Exercise objective » In the listing below, find the line containing "演练结束后,来自哈萨克斯坦的" and the line containing "Danabrin Queen Panel", then copy exactly everything from the first through the second, except the pictures.

Dataset extract »

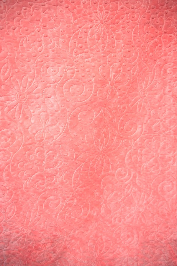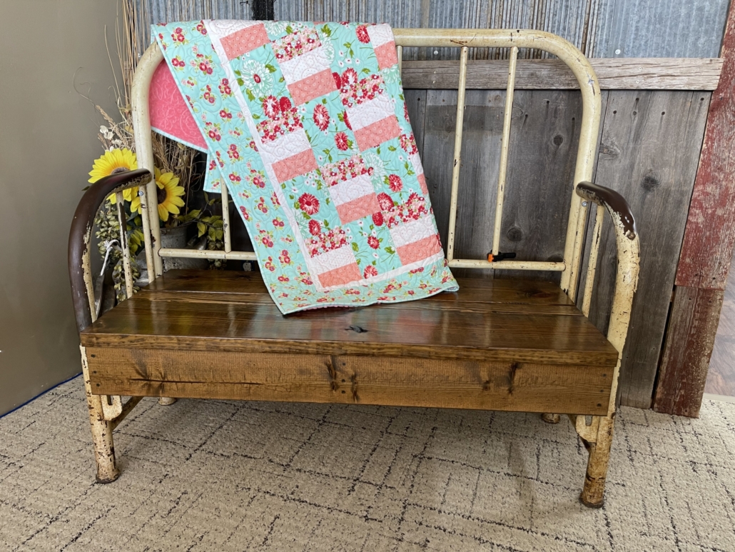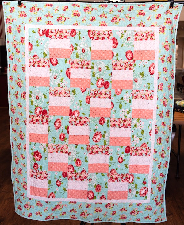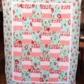 This quilt features Moda’s Bonnie & Camille The Good Life fabric in aqua, coral and red. The top is cotton with a minky (cuddle) soft back in coral. The quilting is a gorgeous floral print in coral thread. 46.5″ x 57″
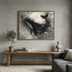 和のテイストを感じさせる、 大胆で力強い構図のクジラのアートです。 黒とグレーのグラデーションが織りなす深い世界観の中に、 散りばめられた金色の飛沫が高級感を演出しています。 落ち着いた色合いは、モダンなリビングから和室まで、 様々なスタイルのお部屋に馴染みます。 お部屋の主役になるような、存在感のある一枚です。
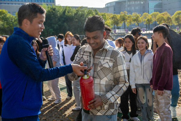 演练结束后,来自哈萨克斯坦的2025级新生夏哲分享了他的感受:“这是我第一次在中国参加如此正式的消防演练,非常震撼也很有意义。我感受到了学校对我们留学生安全的高度负责,这让我在中国的学习和生活更加安心。”
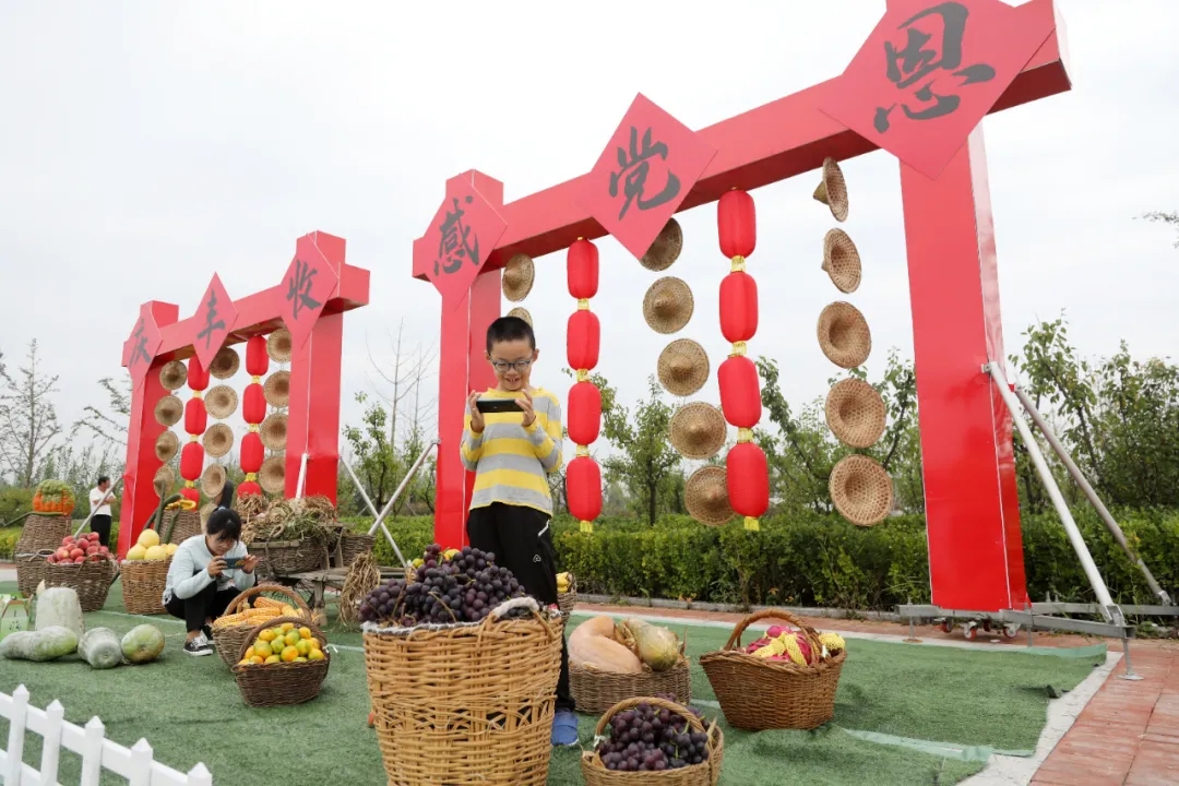 在活动现场的丰收墙区,特别设置了一面“庆丰收 感党恩 ”丰收墙,一筐筐、一篮篮果蔬现场摆陈,供游客们拍照“打卡”,好不热闹。“太喜欢这种收获的感觉了,你看,葡萄、玉米、地瓜、冬瓜、苹果、桃子,满眼都是,仿佛回到了小时候,都是天然朴实的味道,今天特意带着4岁的女儿来参加活动,给她的童年留下不一样的记录。”正在丰收墙打卡拍照的游客肖女士感慨地说。
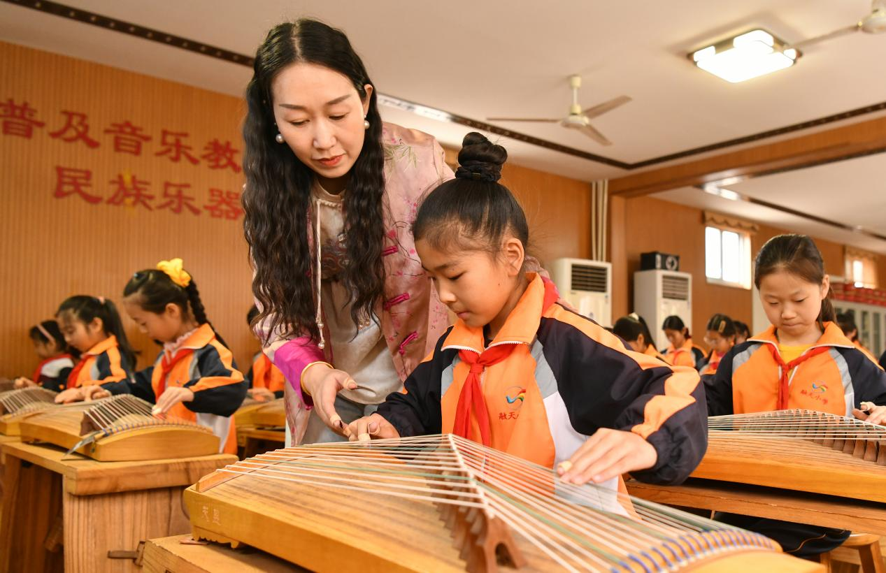 4月3日,在肃宁县融天小学,老师在国乐课上教授学生弹奏古筝。苑立伟摄
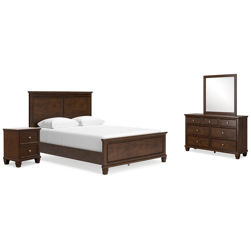 Danabrin Queen Panel Bed with Mirrored Dresser and Nightstand
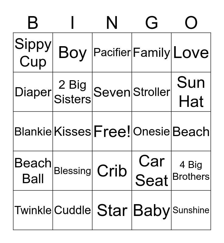 This bingo card has a free space and 37 words: Lowe, Dona, Evan, 2 Big Sisters, 4 Big Brothers, Blessing, Seven, Surprise, Love, Hugs, Kisses, Family, Sunshine, Beach, Diaper, Beach Ball, Bucket, Pacifier, Crib, Onesie, Sippy Cup, Sun Hat, Twinkle, Star, Seashell, Baby, Boy, Cute, Adorable, Sweet, Snuggle, Cuddle, Blankie, Rattle, Car Seat, Stroller and Pack and Play.
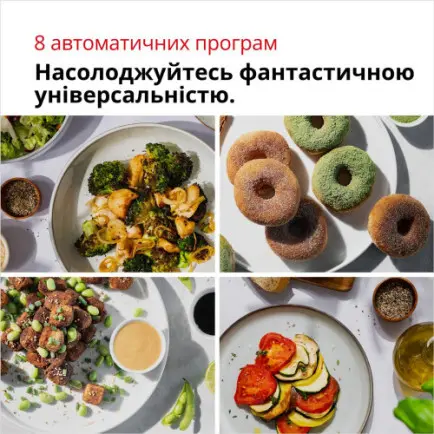 Автоматично встановлюйте час та температуру, щоб легко та якісно готувати улюблені страви. Смачні страви готуються майже самостійно завдяки автоматичним програмам приготування: заморожена картопля фрі, картопля, овочі, курка, риба, м'ясо, тістечка, розігрів.
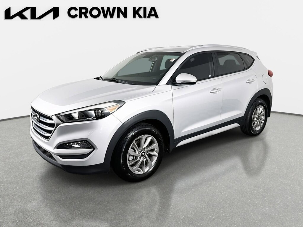 This 2018 Hyundai Tucson SEL Plus in Molten Silver features: 17" x 7.0J Alloy Wheels, 4-Wheel Disc Brakes, 8 Speakers, ABS brakes, Air Conditioning, Alloy wheels, AM/FM radio: SiriusXM, Apple CarPlay & Android Auto, Auto-dimming Rear-View mirror, Automatic temperature control, Axle Ratio: 3.51, Brake assist, Bumpers: body-color, Cargo Cover, Cargo Net, Cargo Tray, Carpeted Floor Mats, Compass, Delay-off headlights, Driver door bin, Driver vanity mirror, Dual front impact airbags, Dual front side impact airbags, Electronic Stability Control, Emergency communication system: Blue Link, Exterior Parking Camera Rear, Four wheel independent suspension, Front anti-roll bar, Front Bucket Seats, Front Center Armrest, Front dual zone A/C, Front fog lights, Front reading lights, Fully automatic headlights, Garage door transmitter: HomeLink, Heated door mirrors, Heated Front Bucket Seats, Heated front seats, Illuminated entry, Leather Seat Trim, Leather Shift Knob, Low tire pressure warning, Mudguards, Navigation System, Occupant sensing airbag, Option Group 01, Outside temperature display, Overhead airbag, Overhead console, Panic alarm, Passenger door bin, Passenger vanity mirror, Power door mirrors, Power driver seat, Power passenger seat, Power steering, Power windows, Radio: AM/FM/HD Radio/MP3/Navigation Audio System, Rear anti-roll bar, Rear seat center armrest, Rear window defroster, Rear window wiper, Remote keyless entry, Roof rack: rails only, Security system, Speed control, Speed-sensing steering, Split folding rear seat, Spoiler, Steering wheel mounted audio controls, Tachometer, Telescoping steering wheel, Tilt steering wheel, Traction control, Trip computer, Turn signal indicator mirrors, Variably intermittent wipers. Clean CARFAX. 23/30 City/Highway MPG
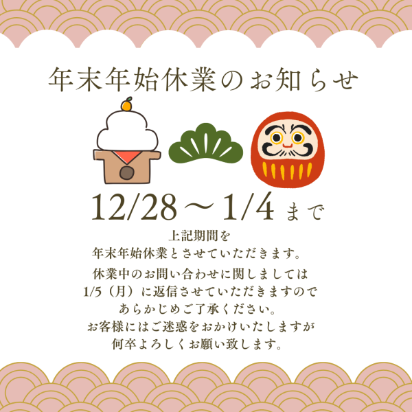 お休み期間中のお問い合わせに関しましては、1月5日(月)に
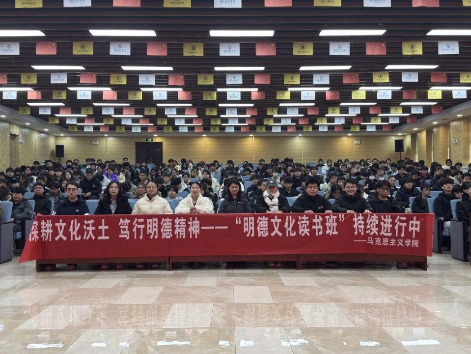为深入学习马克思主义理论,引领青年学子在阅读中感悟思想伟力,持续推动“书香明德”校园文化建设,12月3日,第十七期“明德文化读书班”暨12月读书交流分享活动圆满举行。本次活动特邀马克思主义学院金鸽、王雪、宏莹三位老师,与同学们共聚一堂,回顾红色记忆下的追求真理之路以及字里行间中展现的时代精神与文化底蕴。
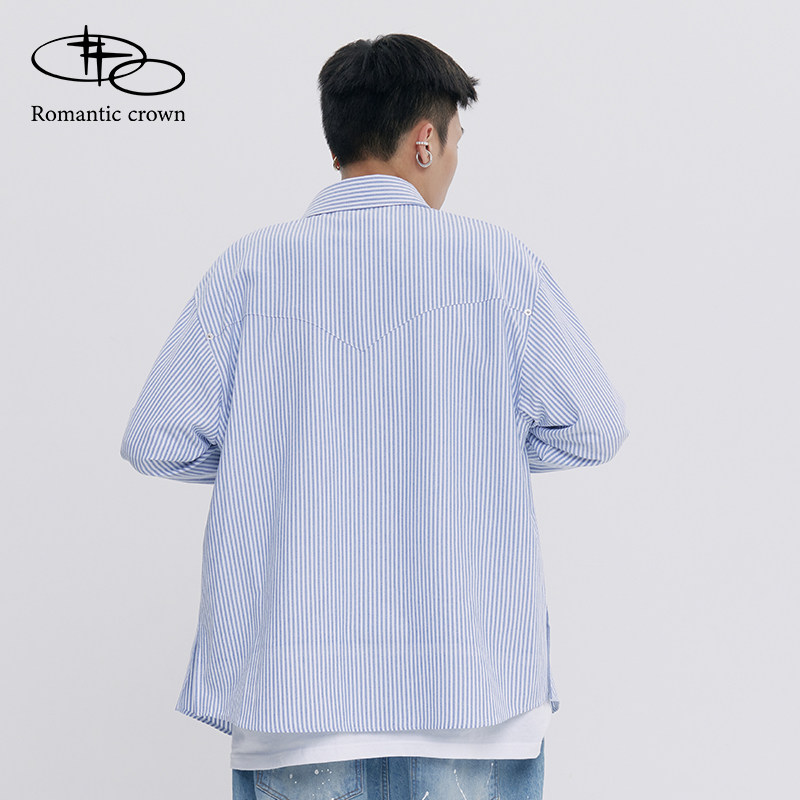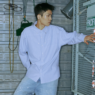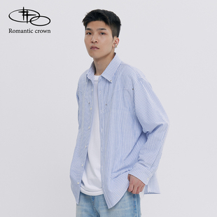 休闲宽松设计感男女同款 RomanticCrown24秋冬新款 通勤条纹衬衫
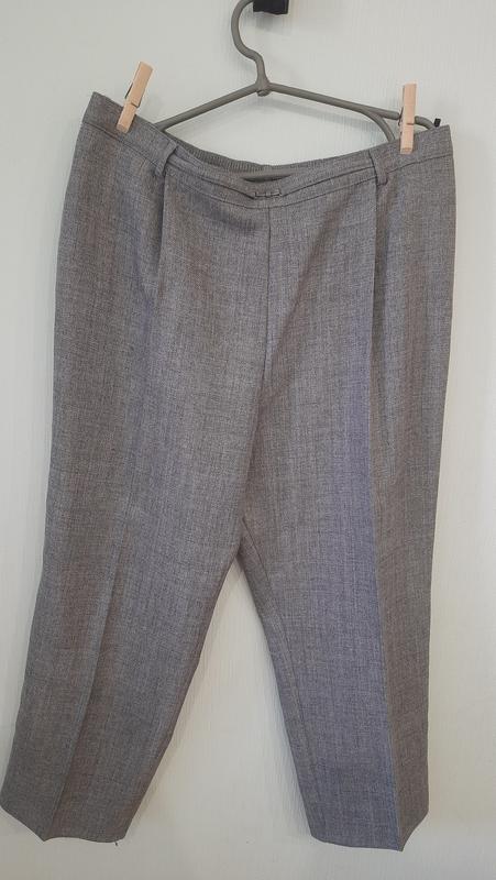 В идеальном состоянии брюки на девушку 56р. Длина с поясом до низа штанины 96см, длина шага 67см, длина с поясом до памперса 42см, беждра 65см, талия 46см, притаится к 56см, ширина низа штанины 23см.
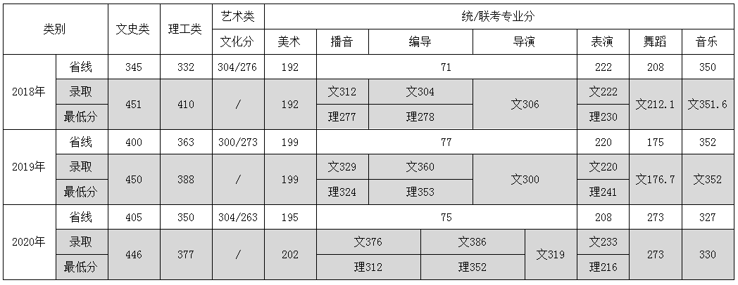我校在省内招生近三年的分数线(仅供陕西考生参考)
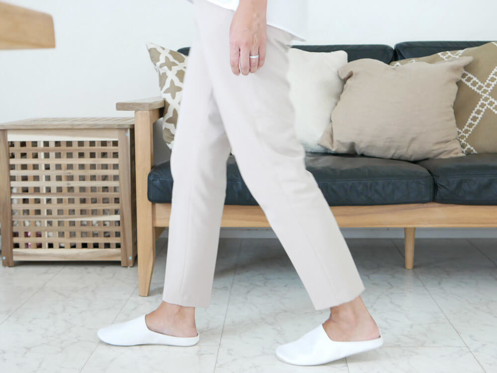 程よいバランスがON/OFF時にも履ける理由。リラックス感ありながらも、さりげなくエレガントなルームシューズ「【B2C】 プレーンステッチ」をご紹介します。

Result of this exercise »
 演练结束后,来自哈萨克斯坦的2025级新生夏哲分享了他的感受:“这是我第一次在中国参加如此正式的消防演练,非常震撼也很有意义。我感受到了学校对我们留学生安全的高度负责,这让我在中国的学习和生活更加安心。”
 在活动现场的丰收墙区,特别设置了一面“庆丰收 感党恩 ”丰收墙,一筐筐、一篮篮果蔬现场摆陈,供游客们拍照“打卡”,好不热闹。“太喜欢这种收获的感觉了,你看,葡萄、玉米、地瓜、冬瓜、苹果、桃子,满眼都是,仿佛回到了小时候,都是天然朴实的味道,今天特意带着4岁的女儿来参加活动,给她的童年留下不一样的记录。”正在丰收墙打卡拍照的游客肖女士感慨地说。
 4月3日,在肃宁县融天小学,老师在国乐课上教授学生弹奏古筝。苑立伟摄
 Danabrin Queen Panel Bed with Mirrored Dresser and Nightstand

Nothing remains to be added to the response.